Бабушка не плясала, а словно рассказывала что-то. Вот она идет тихонько, задумавшись, покачиваясь, поглядывая вокруг из-под руки, и все ее большое тело колеблется нерешительно, ноги щупают дорогу осторожно. Остановилась, вдруг испугавшись чего-то, лицо дрогнуло, нахмурилось и тотчас засияло доброй, приветливой улыбкой.
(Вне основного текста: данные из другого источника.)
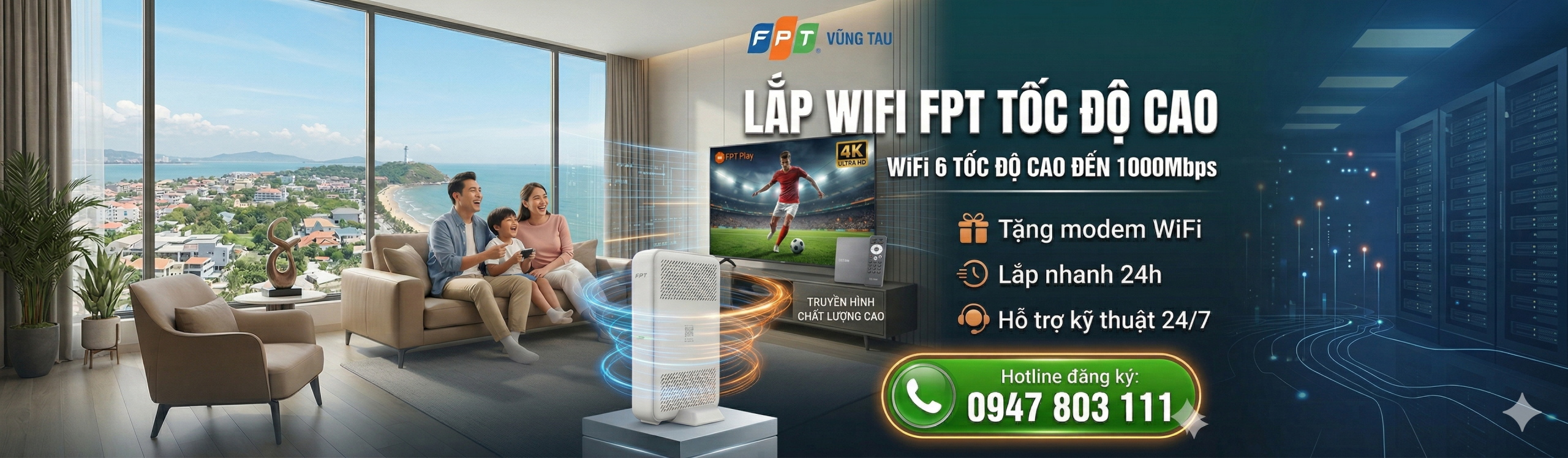 Miễn phí Modem WiFi 6 thế hệ mới. – Phí triển khai 300k. – Gói 12 tháng tặng 01 tháng.

Откачнулась в сторону, уступая кому-то дорогу, отводя рукой кого-то; опустив голову, замерла, прислушиваясь, улыбаясь все веселее, и вдруг ее сорвало с места, закружило вихрем, вся она стала стройней, выше ростом, и уж нельзя было глаз отвести от нее так буйно красива и мила становилась она в эти минуты чудесного возвращения к юности!
А нянька Евгенья гудела, как труба:
В воскресенье от обедни
До полуночи плясала.
Ушла с улицы последней,
Жаль праздника мало!
Кончив плясать, бабушка села на свое место к самовару; все хвалили ее, а она, поправляя волосы, говорила:
А вы полноте-ка! Не видали вы настоящих-то плясуний. А вот у нас в Балахне была девка одна, уж и не помню чья, как звали, так иные, глядя на ее пляску, даже плакали в радости! Глядишь, бывало, на нее вот тебе и праздник, и боле ничего не надо! Завидовала я ей, грешница!
Певцы да плясуны первые люди на миру! строго сказала нянька Евгенья и начала петь что-то про царя Давида, а дядя Яков, обняв Цыганка, говорил ему:
Тебе бы в трактирах плясать, с ума свел бы ты людей!..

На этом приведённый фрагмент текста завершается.